Let’s begin with a simple example, again guaranteeing a minimum number of species for a fixed time interval.

```
#simulate tree with at least 50 tips
x <- 1
while(x<50){phy <- pbtree(b=0.7, d=0, t=12); x <- Ntip(phy)}
#ltt() function provides gamma-estimate
div <- ltt(phy)
```

`div$gamma #gamma estimate`

`## [1] 0.3226966`

`div$p #2-tailed p-value`

`## [1] 0.746925`

Given that extinction is set to zero, one would expect a gamma of zero, as well. Is that the case? Well, we are dealing with a stochastic process so we should probably repeat this a few times.
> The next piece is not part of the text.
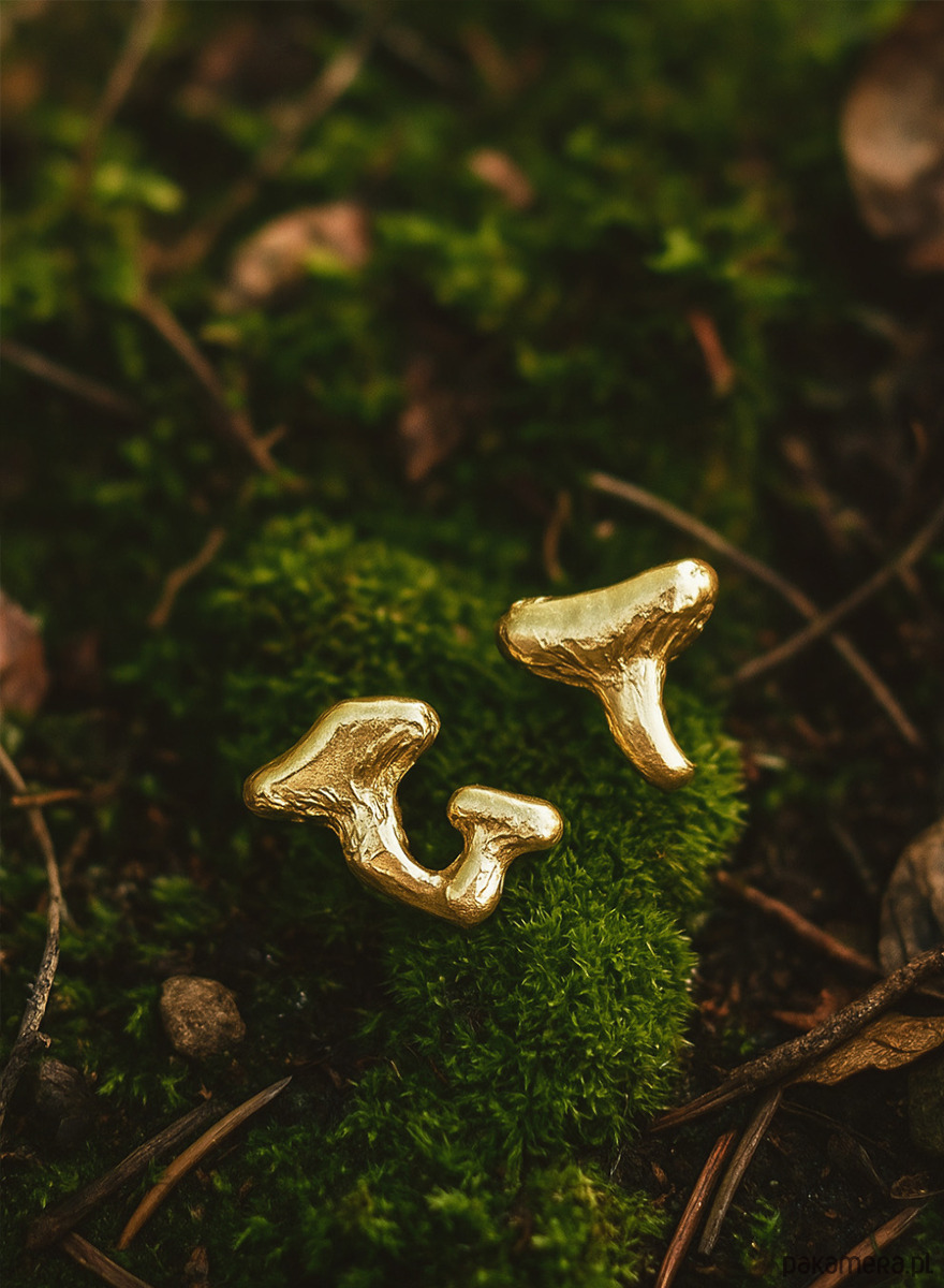 Kolczyki Kurki o uroczy dodatek inspirowany magią leśnego grzybobrania. Ich delikatny, naturalny design przywodzi na myśl ciepłe, jesienne spacery pośród mchu i drzew. Kolczyki w parze z jedną i podwójną kurką w srebrnym lub pozłacanym wydaniu.

*Write a script that calculates the gamma statistic for
100 simulated trees (b: fixed at a value of choice, d: fixed at
zero), and summarize the gamma statistic as a histogram (or
boxplot). PLease also plot the p-values of these gamma estimates.*

After that, let’s look at simulated trees that have some extinction. How does that affect estimates of gamma? Let’s simulate a tree with extinction, drop all extinct tips and compare parameter estimates. Similar to above, we want to keep a fixed timestop butn have a minimum number of tips in the simulated tree.

```
#simulate tree with at least 100 tips, drop extinct lineages
x <- 1
while(x<100){phy.all <- pbtree(b=0.8, d=0.5, t=12); x <- Ntip(phy.all)}
phy.extant <- drop.tip(phy.all, getExtinct(phy.all))
#define plotting area
par(mfrow=c(2,2), mar=c(4,5,1,5))
#plot for illustrative purposes
plot(phy.all, show.tip.label=FALSE)
plot(phy.extant, show.tip.label=FALSE)
div.all <- ltt(phy.all, plot=TRUE, col="blue")
div.extant <- ltt(phy.extant, plot=TRUE, col="blue")
```

```
#extract gamma estimates for tree with all lineages
div.all$gamma
```

`## [1] -1.494359`

`div.all$p`

`## [1] 0.1350818`

```
#extract gamma estimates for tree with only extant lineages
div.extant$gamma
```

`## [1] 2.434159`

`div.extant$p`

`## [1] 0.01492644`

*What do these results tell you? Shouldn’t we better loop
this over a set of trees? Yes, we should. You don’t need to plot
the trees or LTTs, we are just interested in the gamma estimates.*

Alright, after all these simulations (and a better understanding of the potential pitfalls we may be encountering), I think it’s time to deal with some real data. I will provide you with a variety of different phylogenies. Pick one, generate a LTT plot, calculate net diversification rate, extinction fraction, and gamma statistic. Let’s do this as a homework assignment.